Чтобы понять суть и значение мировоззренческой революции, осуществленной Коперником, напомним читателю, с чем вошла астрономия, да и вся наука, в XVI век. В астрономии отсутствовала единая систематическая теория. С одной стороны, существовала концепция мира как системы гомоцентрических сфер Аристотеля, которая не «спасала явления», т.е. не описывала наблюдаемые движения светил и не объясняла нерегулярности в их движениях, но была обоснована общепринятой физикой, метафизикой и теологией. С другой стороны, была система мира Птолемея, которая «спасала явления», описывала и объясняла все наблюдаемые нерегулярности, однако противоречила не только системе гомоцентрических сфер, служившей в качестве общепринятой картины мира, но и тем метафизическим постулатам, которые лежали в ее основе.
Это противоречие между двумя теориями, зафиксированное уже Птолемеем и выступавшее как постоянный возмущающий фактор в развитии науки, оказывалось неразрешимым в условиях господства аристотелевской физики, а также безоговорочного приоритета метафизического и теологического знания над научным. Прокл, как известно, предложил компромисс — рассматривать теорию гомоцентрических сфер как единственно истинную картину Универсума, а эпициклическо-эксцентрическую астрономию Птолемея -просто как удобную математическую фикцию. Это противоречие и этот компромисс были воспроизведены в латинской европейской науке, философии и теологии.

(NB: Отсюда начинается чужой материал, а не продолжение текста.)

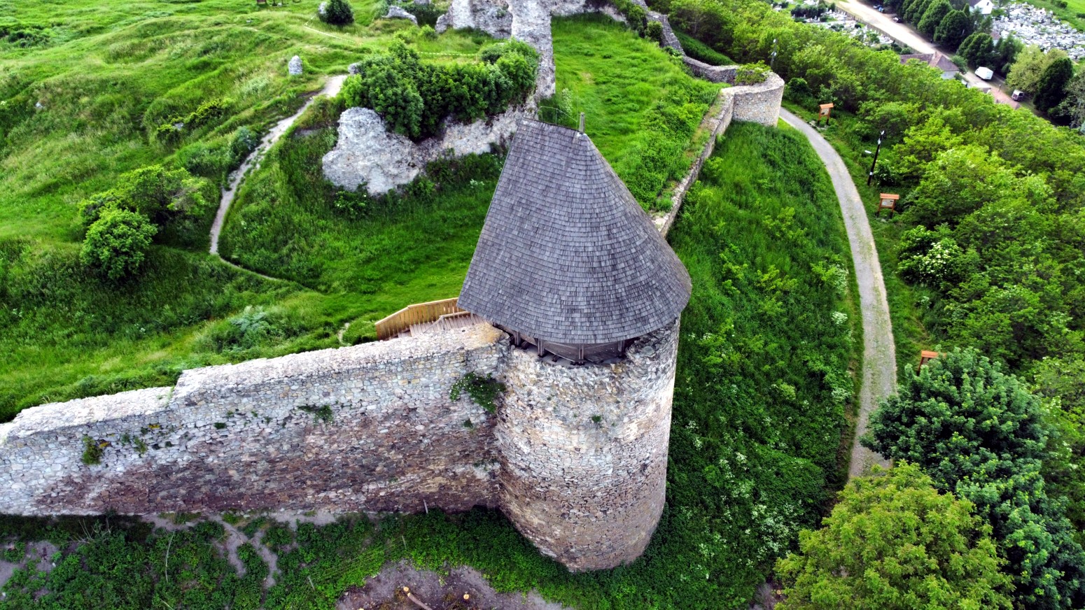 las vistas exteriores hacia la población. Luego con el dron si se obtienen vistas mas espectaculares y que dan una idea mas exacta del tamaño que tenia...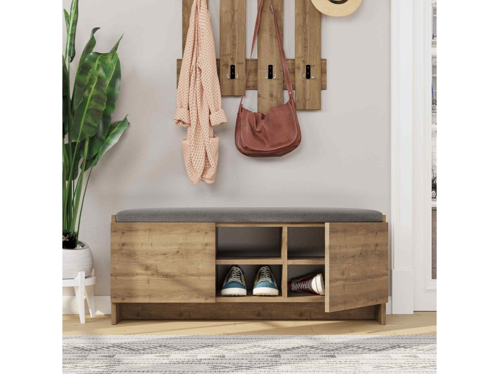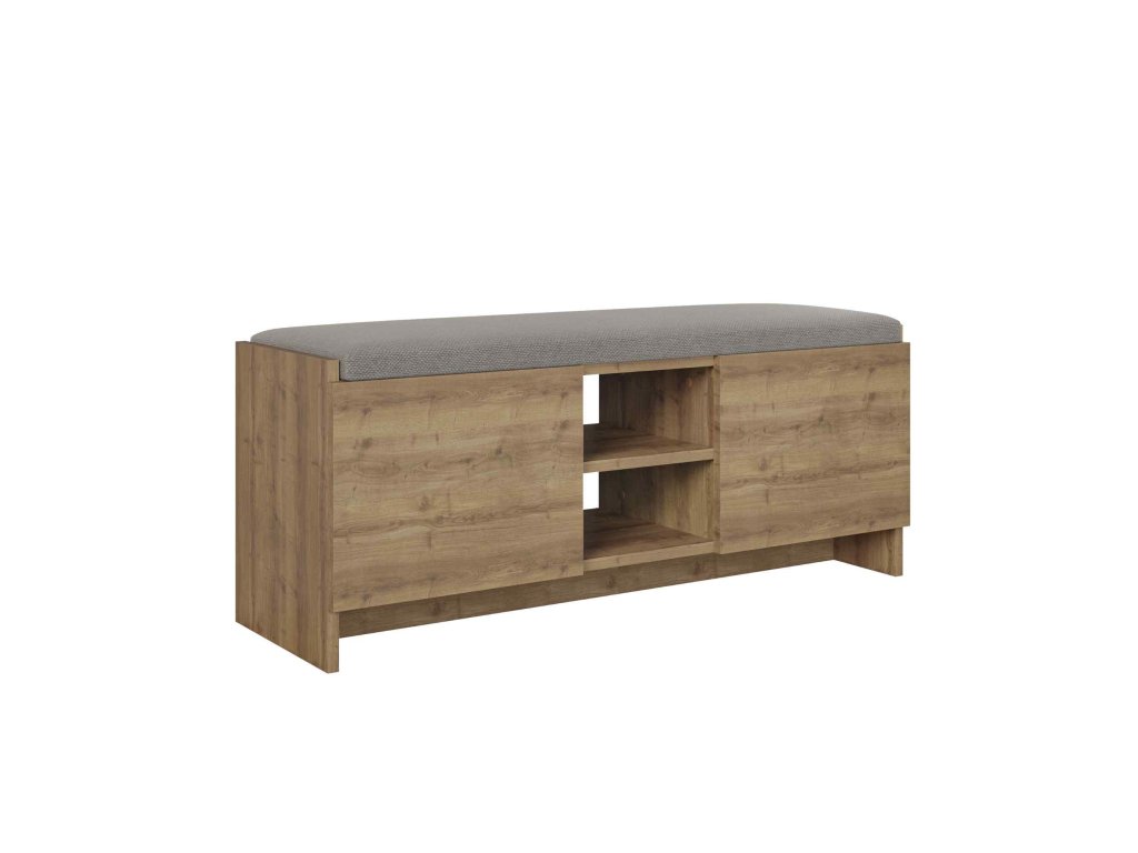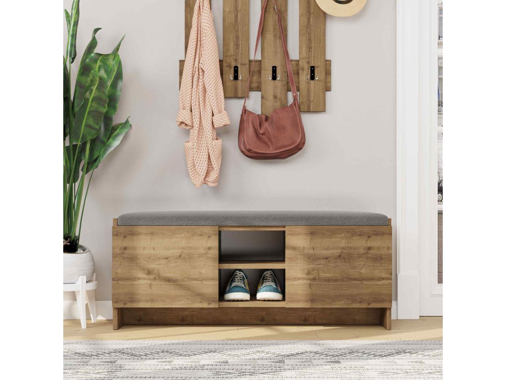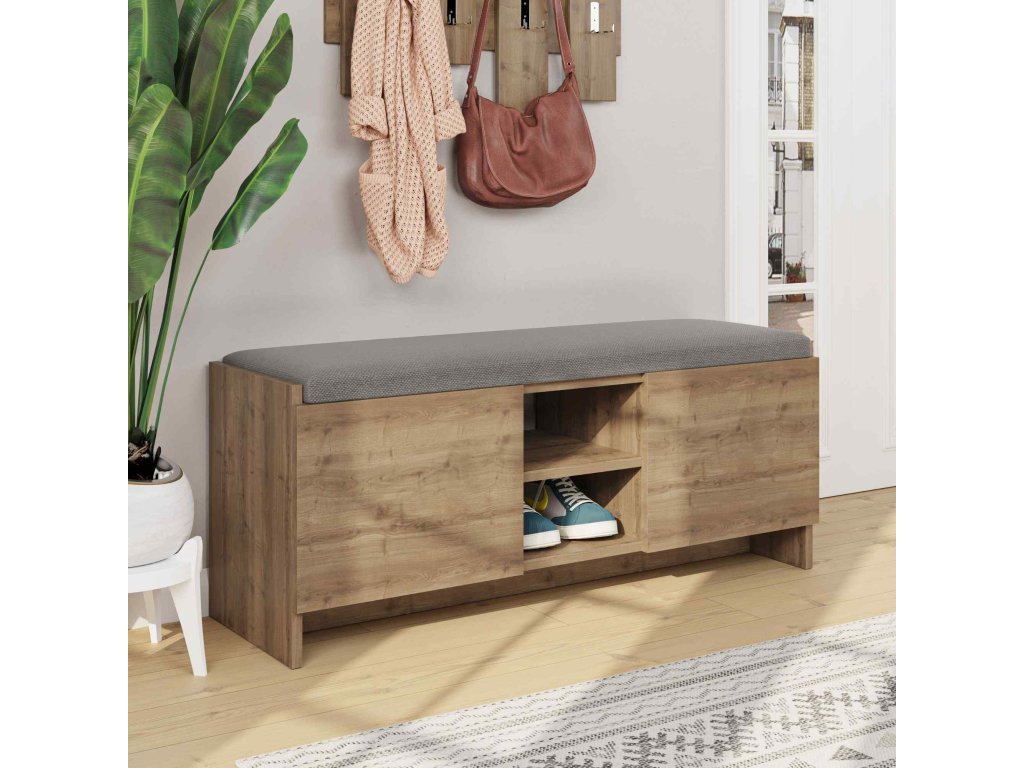 je vyroben z kvalitních materiálů, jako je melamin, VT laminát a látka, což zajišťuje jeho odolnost a dlouhou životnost. Dvířka skrývají úložný prostor pro vaše boty a další příslušenství, zatímco regálek a pohodlná lavice nabízejí dodatečné místo pro uskladnění a komfortní sezení. Je to ideální doplněk pro každou předsíň hledající spojení estetiky a funkce.

Фома Аквинский, христианизировав и догматизировав аристотелевскую картину мира, утвердил за астрономической системой Птолемея статус «фикционалистской» модели. Таким образом, он фактически воспроизвел компромисс, предложенный Проклом. С этого времени ведет своё начало и дисциплинарное расчленение астрономии в Парижском университете: теория гомоцентрических сфер Аристотеля преподавалась в рамках философии, а астрономия Птолемея — в рамках математики и астрономии. Эта ситуация воспроизводилась во всех университетах. Более того, «фикционалистская» установка стала общераспространенной, не ограничиваясь рамками только астрономии и применяясь ко всем теориям, так или иначе входившим в противоречие с догматизированным схоластическим аристотелизмом. Это было удобным средством устранения противоречий, ибо единственным требованием к теоретическим построениям было отсутствие формальных логических противоречий; являлось это построение физически возможным или нет, не имело значения.